Hard times have been falling on families even in Manheim Township, one of the county's wealthiest districts.

"Due to the state of our economy, our district social worker has made a significant number of referrals to the Council of Churches food bank this year," said Marcie Brody, a district spokeswoman. "Some of these have been folks who live in very nice neighborhoods."

The families are struggling because they've lost their jobs, or their employers slashed their hours, Brody said.

Penn Manor School District officials are seeing similar trends.

"I probably made more referrals to the food bank in the last three months than I did in the last three years," Penn Manor social worker Deb Meckley said.

One well-known place of refuge for the homeless is the Water Street Mission, a division of Water Street Ministries, where the senior from the suburban high school lives.

The number of children living there rose from a monthly average of 34 in the fourth quarter of 2007 to 47 in the fourth quarter of 2008.

School officials believe there could be more homeless students than they realize.

When a family doubles up and stays with another family, they are still considered to be homeless.

And parents often tell their children to keep it a secret, Marzinko said. They fear that the school will kick the student out for not being in the right district.

But federal law prohibits districts from doing that. They must provide transportation to the home school. The point is to keep one area of the child's life stable.

Fisher said it's not the child's fault they are homeless.

"We want our kids to be safe, and we want them to know they are safe, and we are here for them," she said. "We are running kids from almost 40 miles away into school each day."

Fisher worries that as more people lose their jobs, homelessness and poverty will escalate.

In recent months, Hempfield teachers have noticed more children coming to school without lunch money because of parents losing jobs, Superintendent Brenda Becker said.

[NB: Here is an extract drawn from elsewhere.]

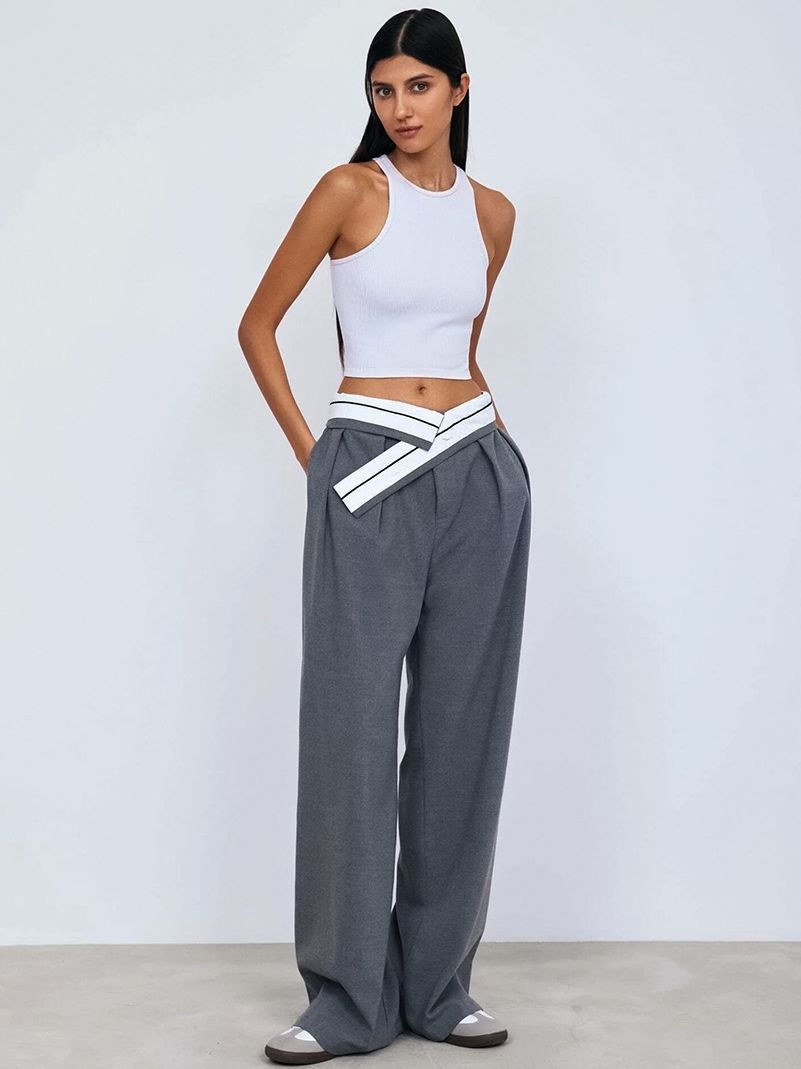 Niche Design Sense Pants Casual Pants Autumn And Winter All-match Wide-leg Pants Stitching Contrast Color Pants Street Women

So the district has begun redistributing forms for free and reduced-price lunches.

The 17-year-old girl used to feel ashamed to eat a free lunch at her school. But now she's more worried about saving enough money to get a place to live.

She's been in Water Street with her mother since January.

It's been a rough few years.

She had come to Lancaster County from Delaware County in 2007 when her mother lost her job.

She was living with her father, but he died of cancer several months ago.

Her mother had moved in with them to help take care of her ex and her daughter.

But she hasn't found work.

The 17-year-old has been supporting herself and her mother with grocery-store paychecks and the Social Security payments she's received since her father's death.

Her mother looked for work everywhere, she said, but wasn't able to find a job.

The shelter has been stressful.

If she needs to write a paper for school, she finishes it in flex-time, which is like study hall. Her computer is at her boyfriend's house. She does not want someone to steal it.

She does get angry sometimes. She gets mad when she hears her classmates complain about not having the latest pair of jeans, when she hears that they fail school for stupid reasons.

"I wish I could tell them, look at what happened to me, at least I am thankful for what I have," she says.

Her life will not always be this way.

She's good with numbers; she wants to study business. She's been accepted to college.

"There is not much I can do to help my future right now," she says with tears streaming down her cheeks. "My resources are limited.

"I do hope. I do hope to do something good with my life."